Fibromyalgia and Sleep

Fibromyalgia pain can be widespread and often flares up throughout the day. But even at night, fibromyalgia symptoms won't quit, robbing you of precious sleep.

Fibromyalgia is known for the chronic pain it causes in specific muscles, joints, ligaments and tendons. Patients also may feel discomfort at various other points on the body, especially the neck, back, shoulders, pelvis and hands.

In addition, sleep problems and its associated fatigue are common symptoms of fibromyalgia. Some patients repeatedly awaken during the night. Others get plenty of sleep, but still feel tired in the morning.

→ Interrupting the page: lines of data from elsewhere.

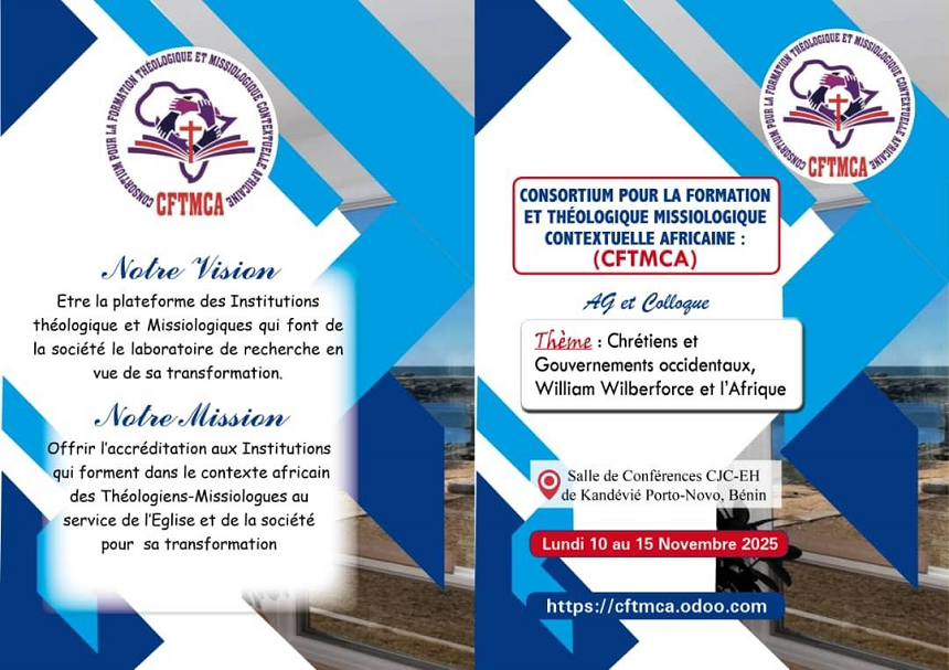 Certains d’entre vous étaient déjà informés de la tenue des rencontres du Consortium pour la Formation Théologique et Missiologique Contextuelle Africaine (CFTMCA) à Porto-Novo du 10 au 15 novembre 2025.
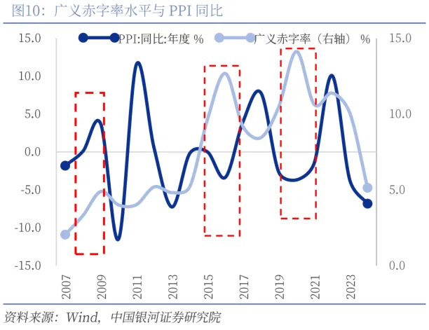 2025年广义赤字率有望大幅回升,带动经济和物价水平温和回升。因此,考虑明年财政对经济的拉动作用,不能仅盯着新增政府债券规模,还需考虑明年广义赤字率水平能否大幅回升。我们认为前期财政部发布会上提出“逆周期调节绝不仅仅是以上的四点,这四点是目前已经进入决策程序的政策,我们还有其他政策工具也正在研究中”。其他政策工具除了进一步加码的中央赤字(超长期特别国债)外,或许还有广义财政工具的加码。例如PSL等政策工具的降息重启。我们预计明年超长期特别国债发行规模或在2万亿左右,6万亿化债额度或主要集中在明年发行,规模或在3万亿左右,专项债额度考虑到增加了土地和商品房收购,发行规模或提升至4.2万亿元,PSL或其他政策性金融工具用于配合新增100万套改造房建设的额度有望提升至8000亿左右。考虑到以上主要工具,我们测算出明年广义赤字率或能提升至12.5%,以此便能有效拉动经济和物价水平的企稳回升。
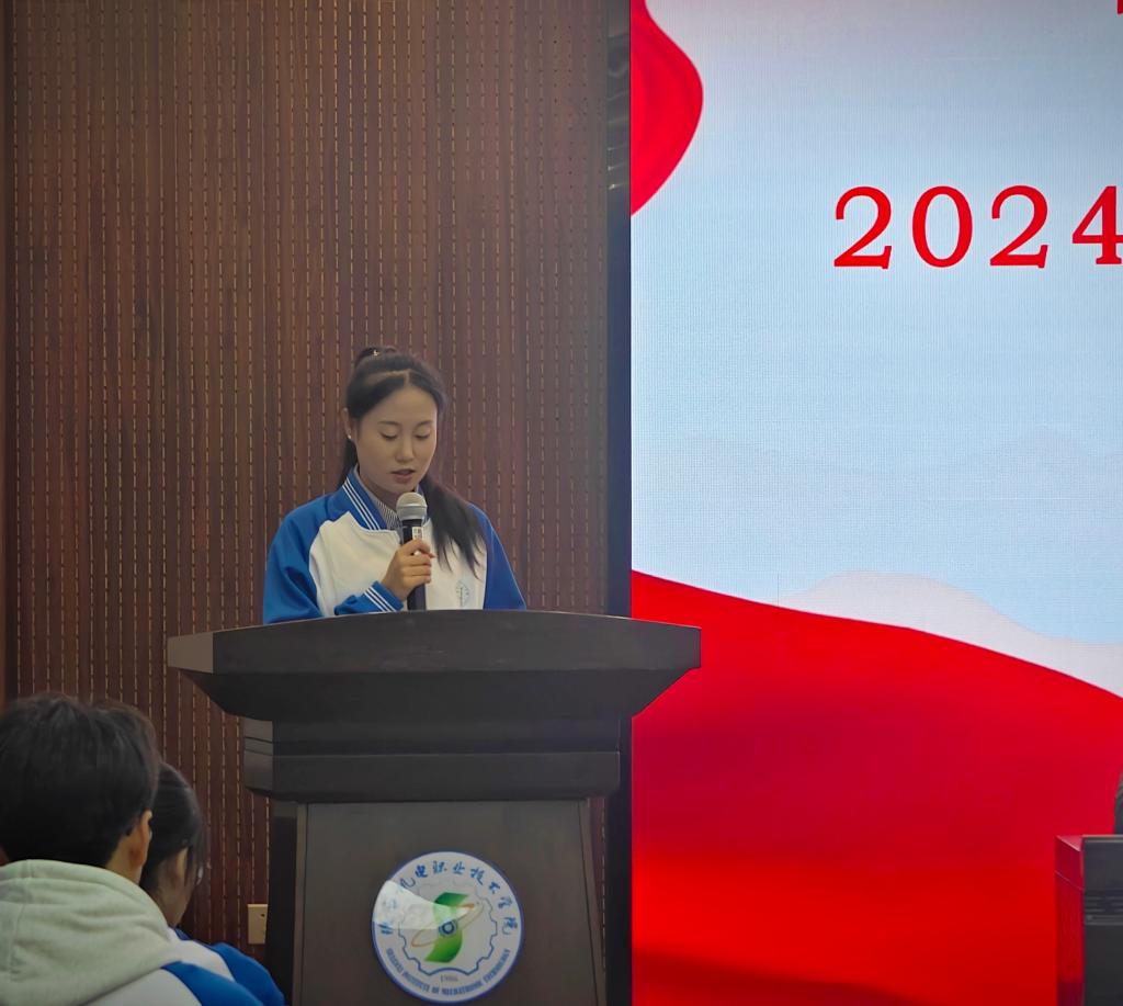 接着,培训学员代表24 电气技术 3 班马文艳做题为《奋进正当时,向着共青团出发》表态发言,表达了对入团的渴望和积极参与培训的决心,承诺将以此次活动为契机,在未来严格要求自己,努力学习,积极进取,用实际行动践行青春的誓言。

Some of the specific sleep disorders associated with fibromyalgia include:

  • Sleep apnea. Causes a patient's breathing to temporarily slow or stop while asleep. Pauses in breath occur up to 30 times an hour, and each may last for 10 to 20 seconds. Left untreated, sleep apnea can be life-threatening.
  • Restless legs syndrome (RLS). Causes nighttime muscle spasms in the legs. Patients describe it as unpleasant creeping, crawling, tingling, pulling or painful sensations.
  • Periodic limb movement disorder (PLMD). Causes spasms similar to those of restless legs syndrome, but occurs only during nighttime sleep and often are more violent.
  • Bruxism. Persistent grinding of the teeth thought to result from temporomandibular joint disorder (TMJD), a condition closely associated with fibromyalgia.

Source or symptom?
Why does fibromyalgia wreak havoc with sleep patterns? For years, scientists were unsure. Only recently did they suspect that sleep disturbances may actually cause some cases of fibromyalgia.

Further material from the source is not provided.